My impression from some dodgy perusals of the internet (i.e. my impression may be wildly inaccurate) is that Ann Patchett is a little bit of a divisive author – you either like her A LOT or you don’t. This is the second of her books I’ve read (Bel Canto was the other) and it has placed me solidly into the “love her” camp. Both of these books are ordinary human stories set in front of an extraordinary backdrop making them both epic and intimate. Bel Canto examined a group of people all trapped as hostages for days on end in an unnamed South American country. State of Wonder follows a pharmaceuticall researcher, Marina Singh, as she confronts her past and her charismatic former medical school mentor in the jungles of the Amazon.

Marina is sent to Brazil by her Minnesota based employer to find and get an update from Dr. Annick Swenson who is working on a lucrative fertility drug derived from a tropical plant in the Amazon rainforest. This mission is personal for Marina because she is following in the footsteps of her officemate and friend who has just died while trying to achieve this same goal. She needs to find out exactly what happened to her friend but is unprepared for what awaits her in the very different world of the Amazon rain forest.
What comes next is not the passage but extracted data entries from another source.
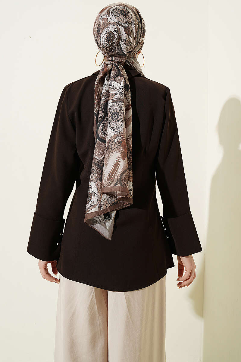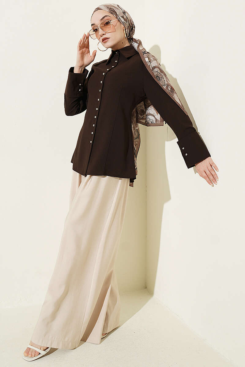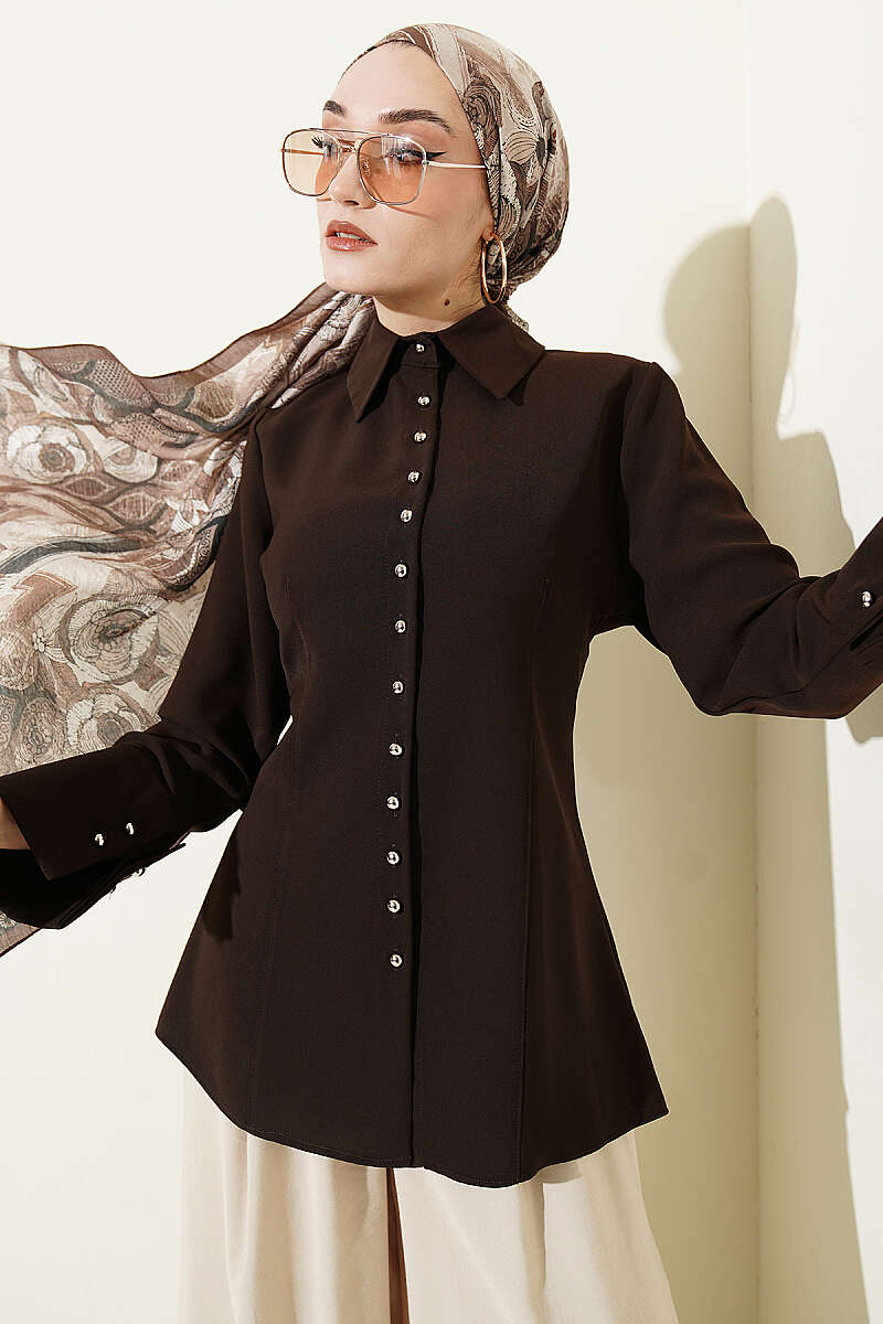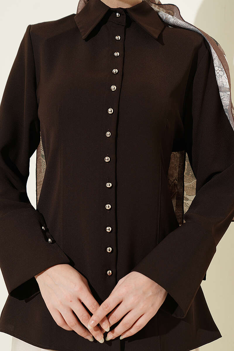 Top Düğmeli Dikiş Detaylı Gömlek Kahve
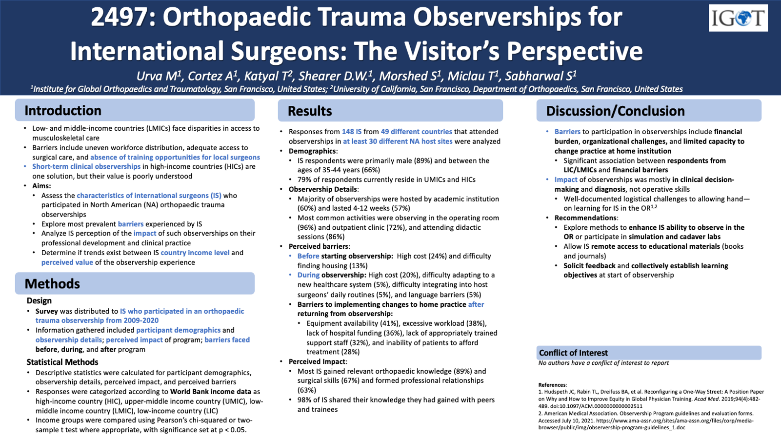 Introduction: International observerships are one of many efforts aimed at addressing disparities in orthopaedic trauma care globally. However, their impact on visiting surgeons and their home countries, as well as the challenges faced by participating surgeons, are not well-documented. Methods: A survey was distributed to overseas surgeons who participated in an orthopaedic trauma observership in North America from 2009-2020. Information gathered included the participant’s demographics and observership details; perceived impact of the program; and barriers faced before, during, and after the program. Results: 724 surveys were initially distributed, with 223 respondents, and 142 complete responses from 46 countries. Most observerships lasted either 4 weeks or less (65%) or 5-12 weeks (27%), and were sponsored by an academic institution (60%) or professional society (32%). Most observers felt that they gained relevant orthopaedic knowledge (91%) and surgical skills (68%), and nearly all (98.9%) shared this knowledge with their colleagues and trainees. Cost (85%) and housing (56%) were the most common barriers to participants before beginning their observership. During the observership, the most common barriers included cost (84%) and adapting to a new healthcare system (54%). After returning from their observership, the most common barriers to implementing changes to their practice were lack of funding (72%), equipment (78%), support staff (77%), and excessive workload (86%). Discussion: Participating in a North American orthopaedic trauma observership positively impacts the surgical and clinical skills of most visiting surgeons. However, financial constraints, resource limitations, and limited logistical support present barriers to maximizing this potential.
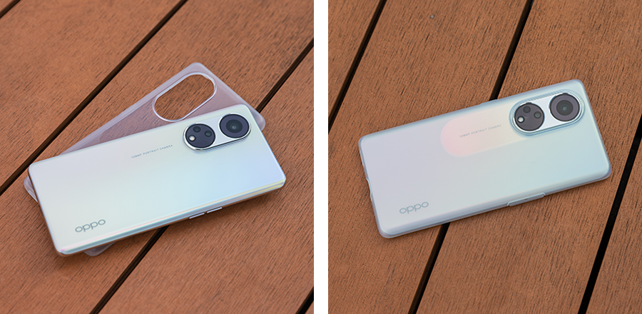 OPPO Reno8 T 5G มาพร้อมกับโลโก้ oppo ที่ถูกจัดวางอยู่ทางด้านล่างขวา พร้อมดีไซน์โมดูลกล้องเป็นแบบคู่ โดยจัดวางโมดูลกล้องทั้งสองในแนวตั้ง และวางไว้ภายในแผงวงรีที่มีพื้นผิวตัดกัน เพิ่มความสวยงามทันสมัยได้อย่างไร้ที่ติ นอกจากนี้โมดูลกล้องยังล้อมรอบด้วยวงแหวนโลหะตกแต่ง เพิ่มความพรีเมียม หรูหรา พร้อมทั้งช่วยปกป้องเลนส์ได้เป็นอย่างดี
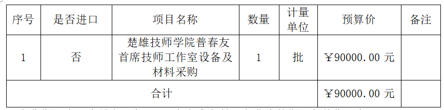 楚雄技师学院普春友首席技师工作室设备及材料采购 询价公告
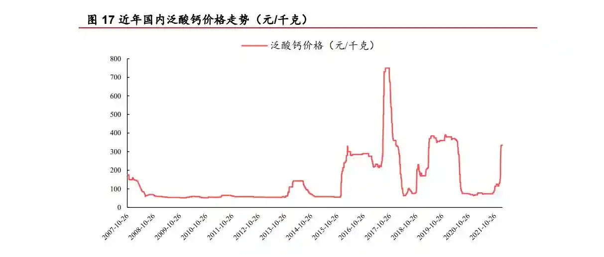 泛酸钙已进入底部回升阶段。2021年第三季度以来,泛酸钙价格处于波动周期底部向上回升阶段,据Wind数据显示,泛酸钙价格已从此前低位水平70元/千克左右攀升至150元/千克水平,增幅超100%。据饲料行业信息网,因泛解酸内酯上游原料异丁醛供应紧张、环保及冬奥会限制产能等,部分厂商提价诉求显著,已有泛酸钙厂家报价大幅上调,其中国内报价360元/公斤,出口报价50美元/公斤。产品价格进一步提升后,公司泛酸钙板块盈利也将大幅提升,有望带来亮眼表现。
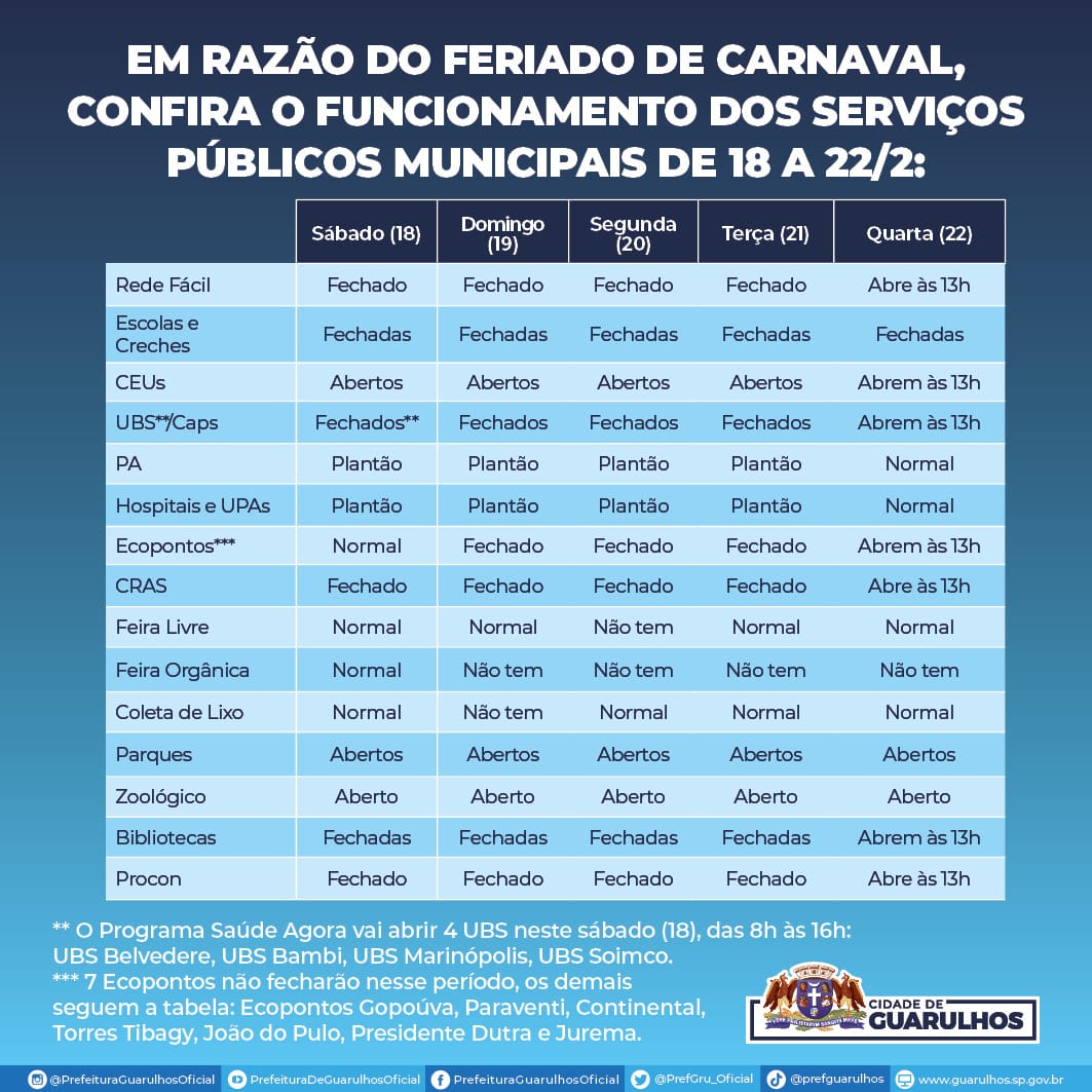Confira com o JM Metrópole o que funciona no dias de carnaval em Guarulhos.
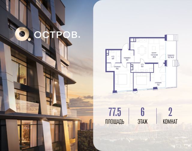 ID 204. Предлагается к продаже квартира 42.8 м2 с премиальной отделкой "под ключ" на 6/13 этаже ЖК "Остров" (1-й квартал).
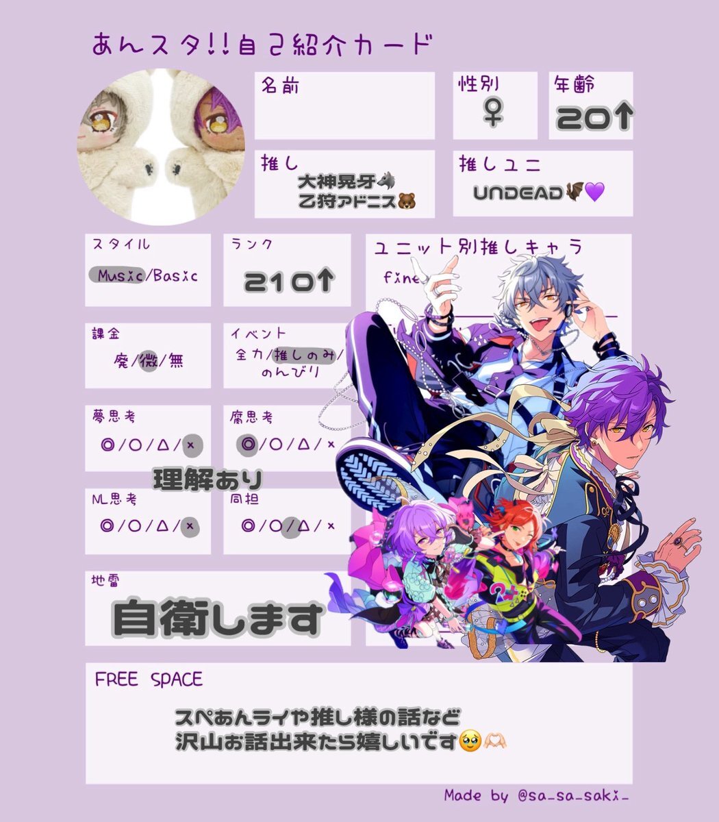 💜 お友達探してます꒰•‧̫•ू꒱🎶💓 #あんスタ自己紹介カード #あんスタ好きと繋がりたい #あんスタ好きさんと繋がりたい #成人済みあんスタPと繋がりたい x.com/sr112kr/status…

This is a many-layered book and could be described as part mystery. It truly fits the description of peeling an onion, with each successive layer revealing something that is, at the least, unexpected. Marina faces personal demons from her past while trying to solve the enigma of Dr. Swenson and discover what her friend’s last days were like and why he died surrounded by doctors. There is also the mystery of the primitive tribe whose women are fertile into their seventies and eighties.

Almost universally, I find the characters Patchett creates very interesting to spend time with. Dr. Swensen starts off, as she is characterized using hearsay and initial interactions, an egotistical and selfish misanthropist; I imagined her the villain of the piece. As more time is spent with her, those same words can be used to describe her but her madness developed reason and she turned into one of my favorite characters. The ghost of Anders Eckman is also fleshed out as a fully realized character so that Marina’s grief and search for answers has weight. Patchett did a brilliant job of making me care deeply that he was dead even though the reader doesn’t meet him except in other character’s memories.

It was also very easy to imagine being in Marina’s shoes, having to travel from Minnesota to Brazil, ill-prepared and beset on all sides by insects and moisture and vegetation. Brazil is portrayed in a detail that made it as much a part of the story for me as any of the characters.

Finally I want to mention the subject matter which centers on the development of new drugs from plants in the rainforest. This is a very cool topic and the book tackles some of the moral issues surrounding it in an interesting and non-preachy way.

Final Verdict: A story with lots of twists and turns and complex, interesting characters. Beautifully written and engrossing.

So where do you stand on Ann Patchett?  The love camp or the meh camp?